Regulation could then be calibrated according to risk:

  • Low-adaptability, low-autonomy systems (e.g., simple automation, rules-based expert systems) could remain unregulated or subject to light-touch requirements.
  • High-autonomy but low-adaptability systems (e.g., pre-trained models running automated functions in critical settings) might require oversight measures but not extensive restrictions.
  • Highly adaptable but low-autonomy systems (e.g., machine learning models that improve over time but operate in a controlled setting) could require transparency obligations to ensure they remain safe.
  • Highly adaptable, highly autonomous systems (e.g., self-improving AI deployed in high-stakes environments) would warrant the highest levels of scrutiny and regulatory intervention.

Such an approach would align regulation with actual risk, rather than imposing arbitrary thresholds based on the number of neurons in a neural network or the use of specific techniques. It would also avoid the current ‘regulatory cliff’ all-or-nothing classification problem under the AI Act, where systems that operate in vastly different ways are either lumped together as “AI” or excluded without clear justification.

Conclusion: the answer is still blowin’ in the wind

Before the release of the Commission’s guidance, one could have arguably summarised the AI Act’s definition of an AI System as probably capturing any reasonably complex large-scale computing system. While broad, this at least provided a straightforward interpretation: if a system processes data in a way that generates outputs beyond simple rule-following, it likely falls under the Act.

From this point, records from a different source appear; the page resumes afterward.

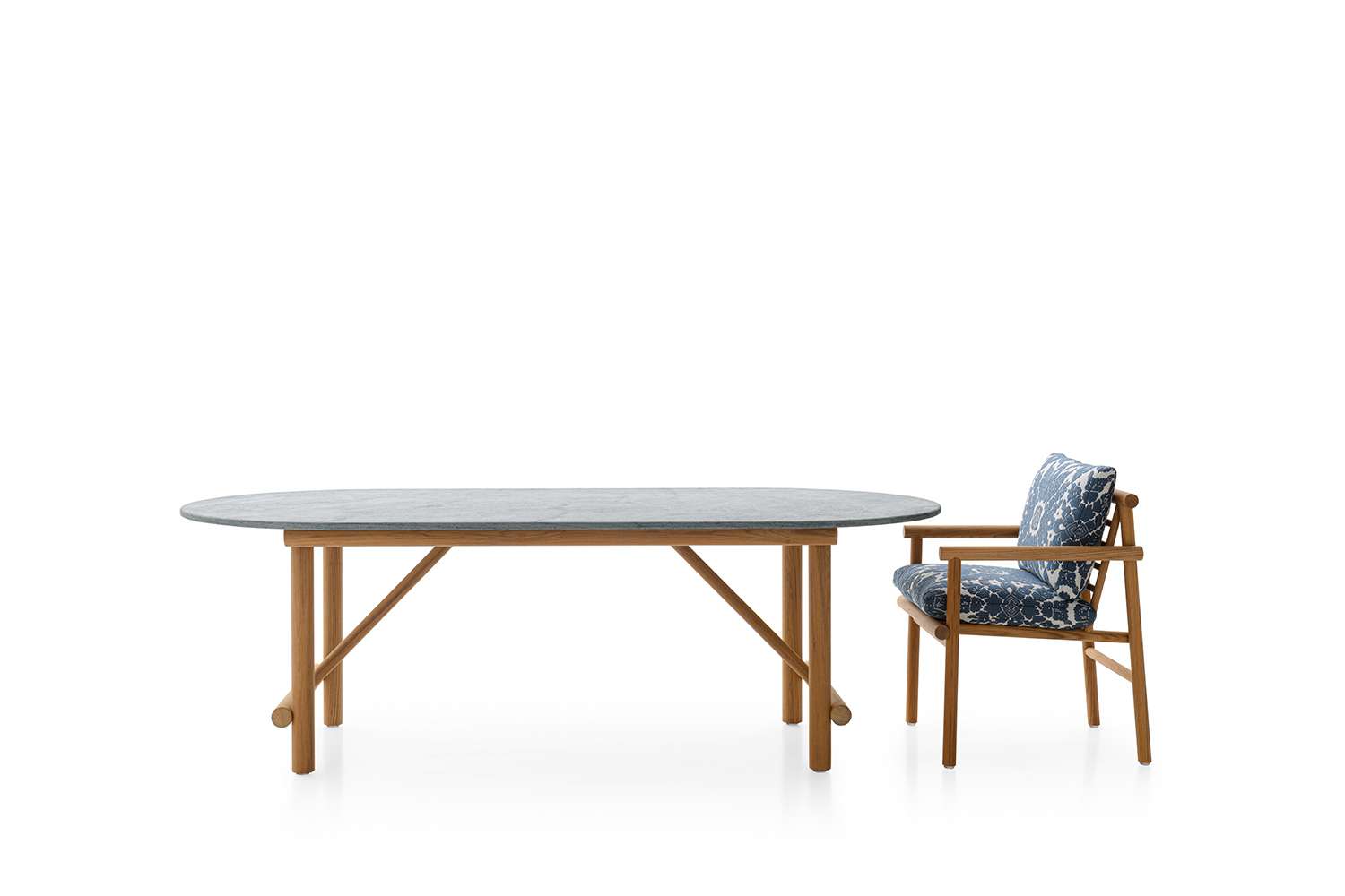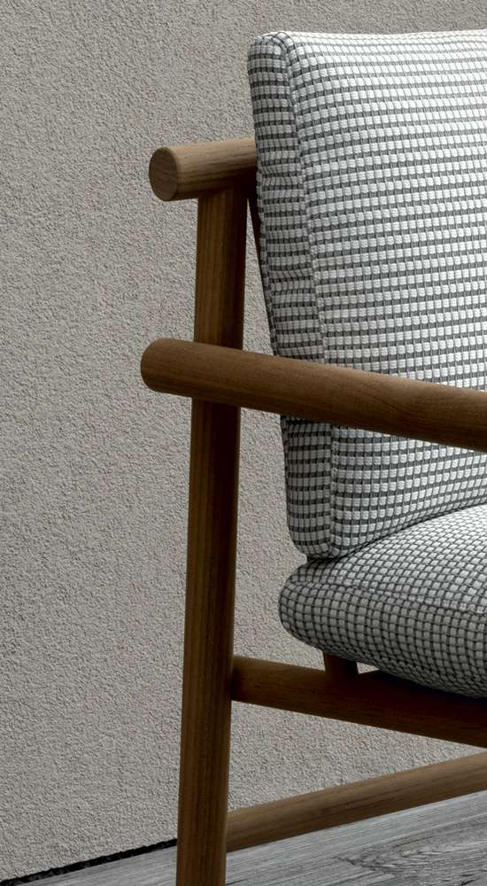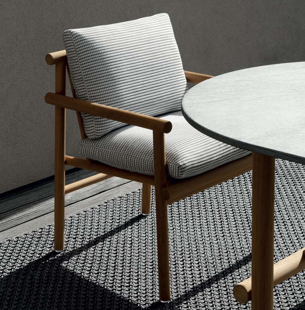 ダイニングチェアは同コレクションの他の製品と同じで、完全な統一感を感じさせるスタイリッシュな特徴を持っています。フレーム構造は天然チーク材、背面・座面の2つのクッションはふくよかで張りのあるファブリック仕様となっています。
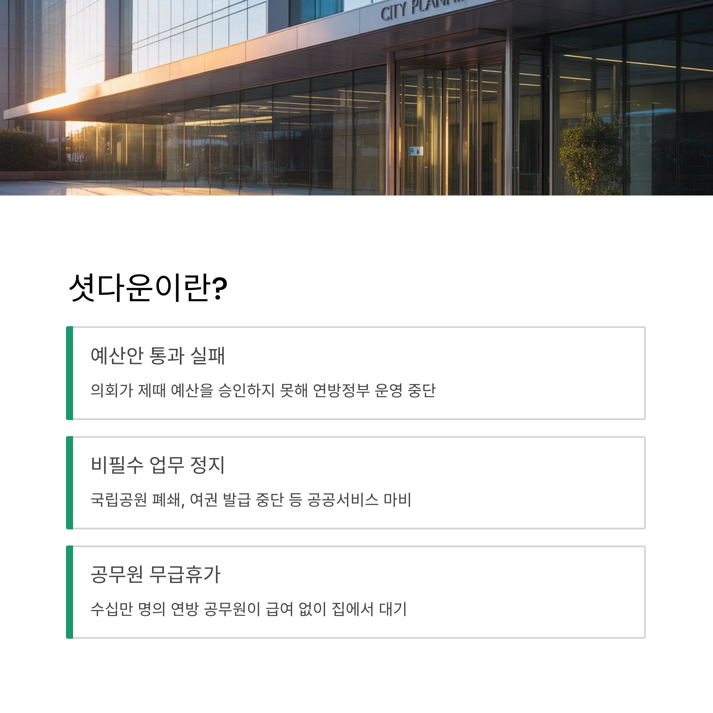 즉, 셧다운은 단순한 행정 지연이 아니라 정치적 갈등이 행정 시스템을 멈추게 하는 위기 상황입니다. “정부가 문을 닫는다”라는 표현 그대로, 비필수적인 정부 서비스가 정지됩니다.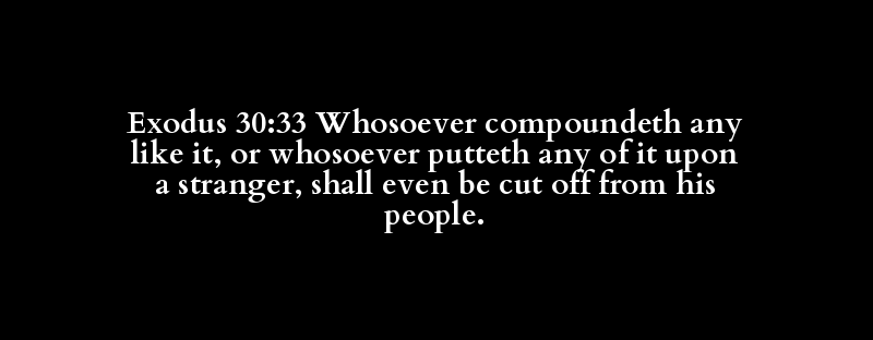 Exodus 30:33 Whosoever compoundeth any like it, or whosoever putteth any of it upon a stranger, shall even be cut off from his people.
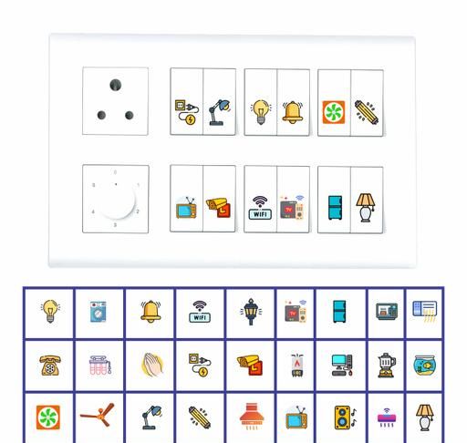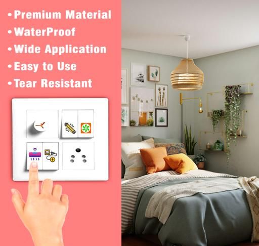 IDEAL FOR : This Switch sticker is ideal for <warning name='Holme's'>homes</warning>, offices, hospitals, hotel rooms, and anywhere there are electric board appliances available. It has a bright and vivid design which clearly shows what each switchboard is used for.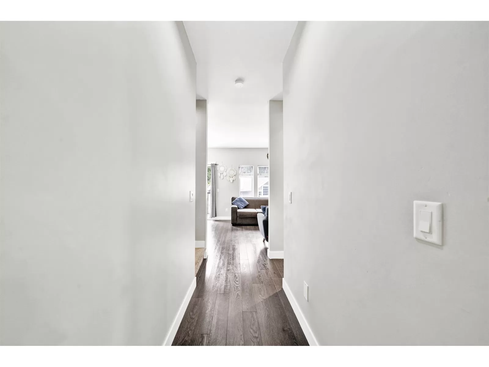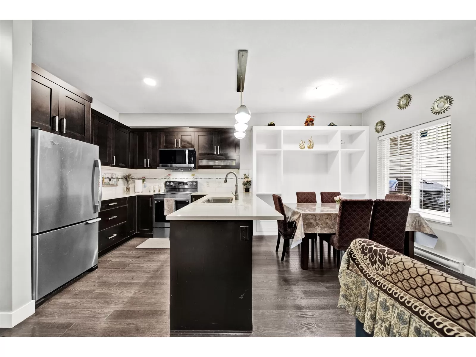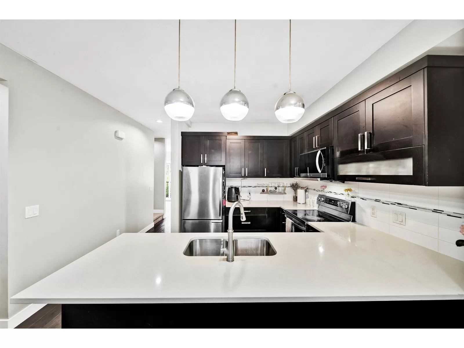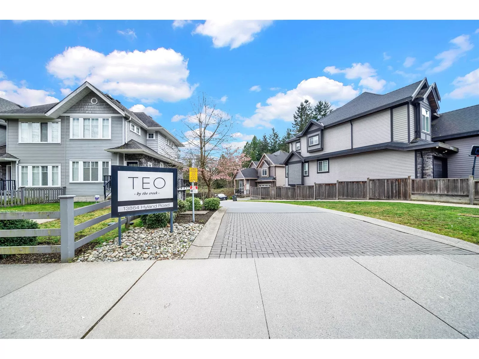 Former show home at Teo by the Creek. This 3 bed / 3 bath townhome faces a protected greenbelt and is situated on the quiet side of the complex. Features include a powder room on the main floor, quartz countertops throughout, soft-close shaker cabinets, stainless steel appliances, and a front-facing balcony. Walk out to a private yard directly from the living room. Freshly painted and well maintained. Convenient location near schools, shopping, transit, and recreation. (id:27476)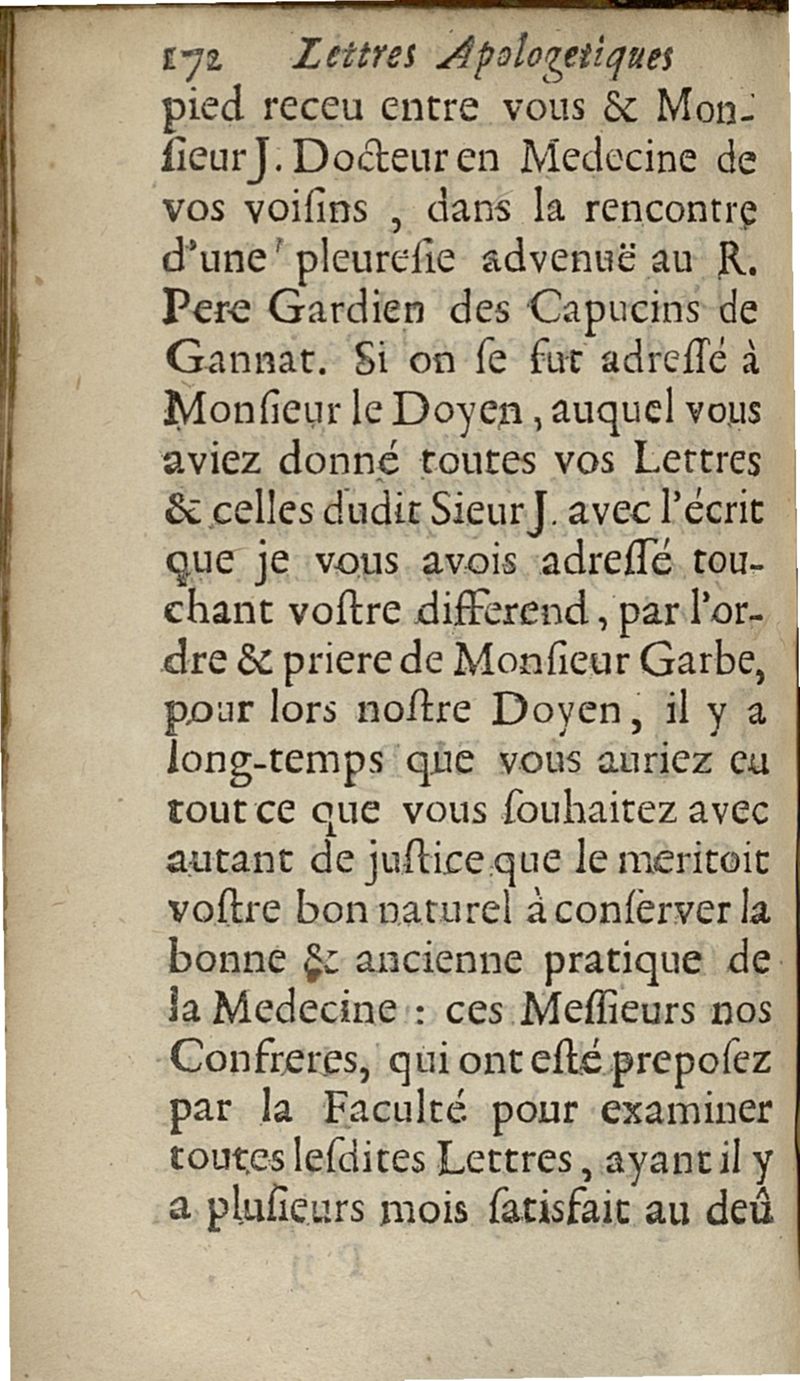 lettres apologetiques du Sr Ferrand,...adressées à Me I....dans lesquelles il est traité & prouvé qu'il ne faut point saigner les pleuretiques au pied...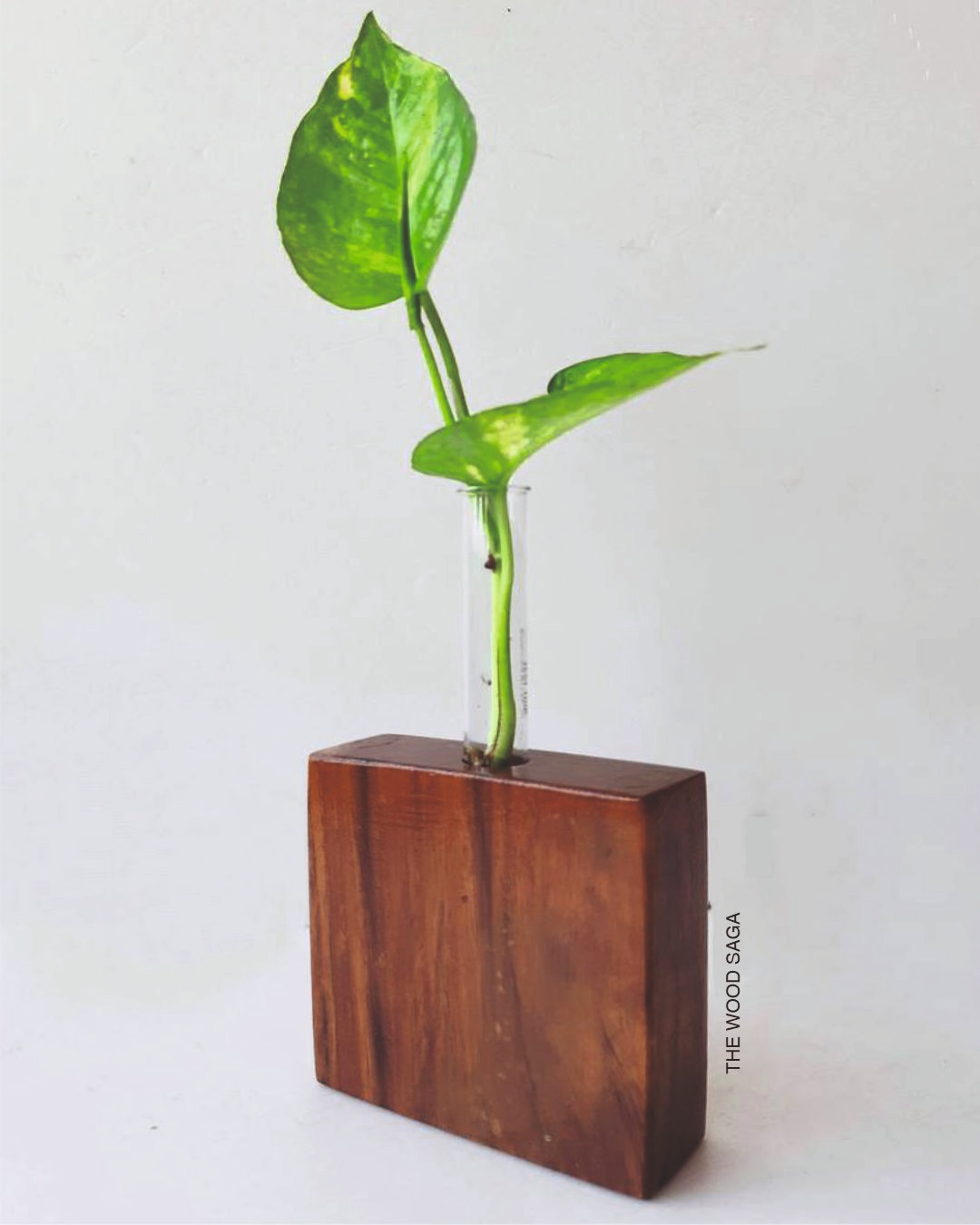 This elegant set of three tabletop planters, handcrafted from rich Saag wood, is the perfect fusion of minimal design and natural beauty. Each planter holds a sleek glass tube ideal for hydroponic plants, cuttings, or minimalist floral arrangements. Whether styled on your desk, shelf, or coffee table, this combo adds warmth and greenery to any space — naturally and sustainably. Perfect gift for plant lover.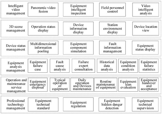 The backend software platform includes databases, database middleware, and data buses, while the backend software applications encompass system management, debugging tools, model configuration, data acquisition, data analysis, and advanced functionalities such as electronic mapping, video surveillance, voice intercom, pattern recognition, intelligent integration, automated reporting, historical queries, and curve analysis [79,80], as depicted in Figure 4.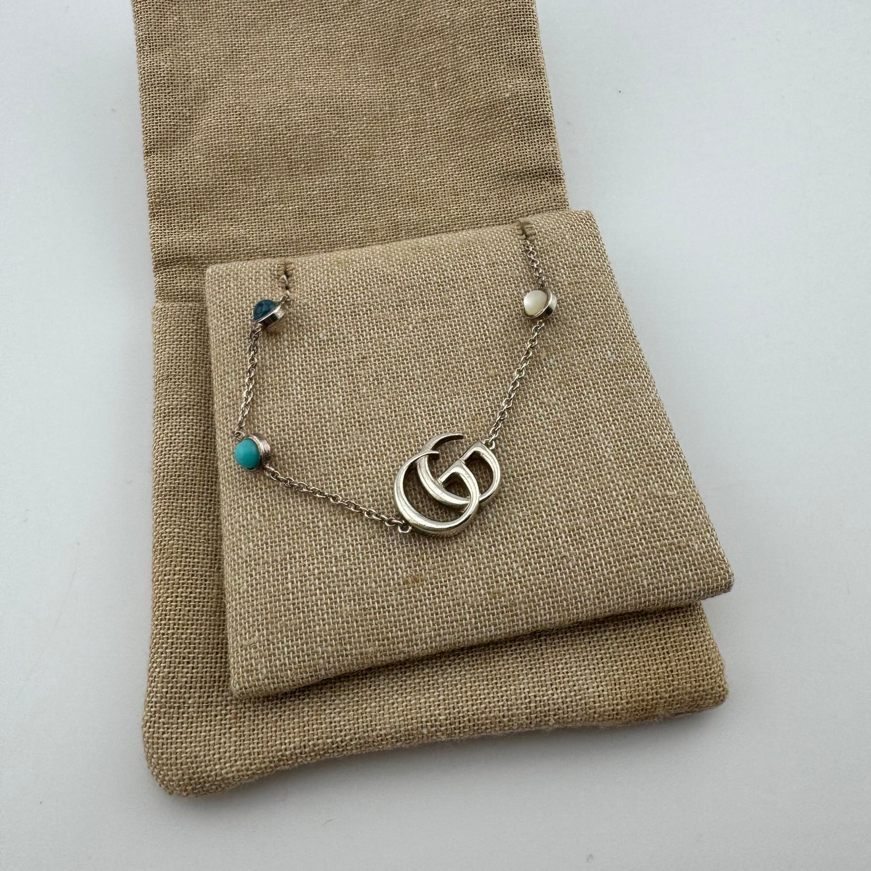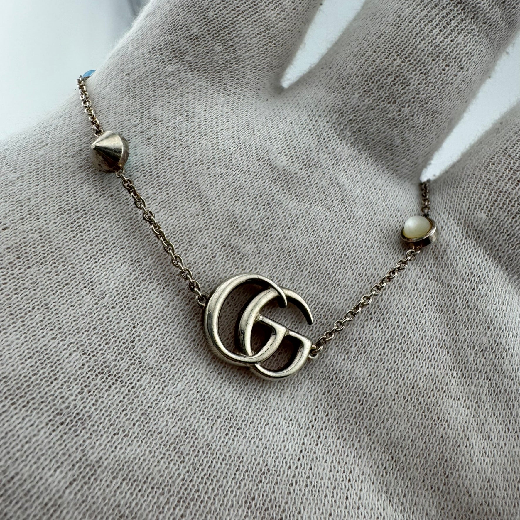 Pre-owned Gucci GG Marmont Jewel Bracelet. This bracelet features 925 Sterling Silver construction and four beautiful Gucci jewels. Overall, this piece is in B, Good Condition. Minor scratches ands cuffs can be seen in the sterling silver. This piece comes with the original box and Gucci authenticity guarantee.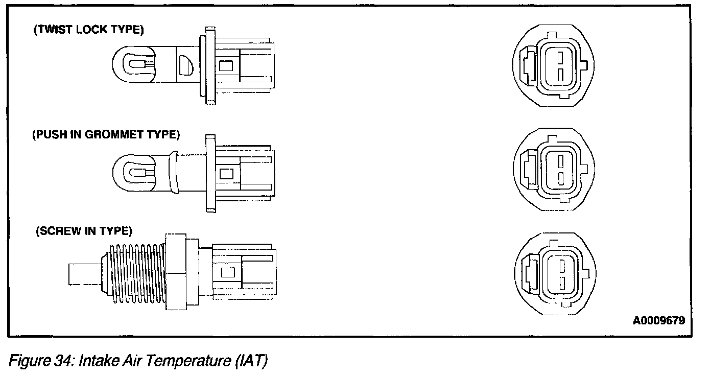 The Intake Air Temperature (IAT) sensors (Figure 34) and integrated Mass Air Flow (MAF) type (Figure 37), are thermistor devices in which resistance changes with temperature. The electrical resistance of a thermistor decreases as the temperature increases, and increases as the temperature decreases. The varying resistance affects the voltage drop across the sensor terminals and provides electrical signals to the PCM corresponding to temperature.

After the guidance, however, the situation is arguably less clear, not more. The definition still seems to encompass any reasonably complex computing system, but now with a series of apparently arbitrary exceptions based on specific techniques rather than fundamental capabilities. Linear regression is out, but deep learning is in. Bayesian inference is ignored, but logic-based AI is included. Traditional optimization methods are exempt—unless they look a little too much like machine learning.

Instead of providing the necessary clarity, the guidance raises more questions than it answers. What truly distinguishes AI from non-AI? Where is the line between “basic data processing” and “inference”? At what point does an optimization algorithm become AI? Rather than resolving these ambiguities, the Commission’s attempt to define AI feels like an exercise in drawing boundaries where none naturally exist.

Or, as Bob Dylan might put it: What’s a AI System … the answer is still blowin’ in the wind.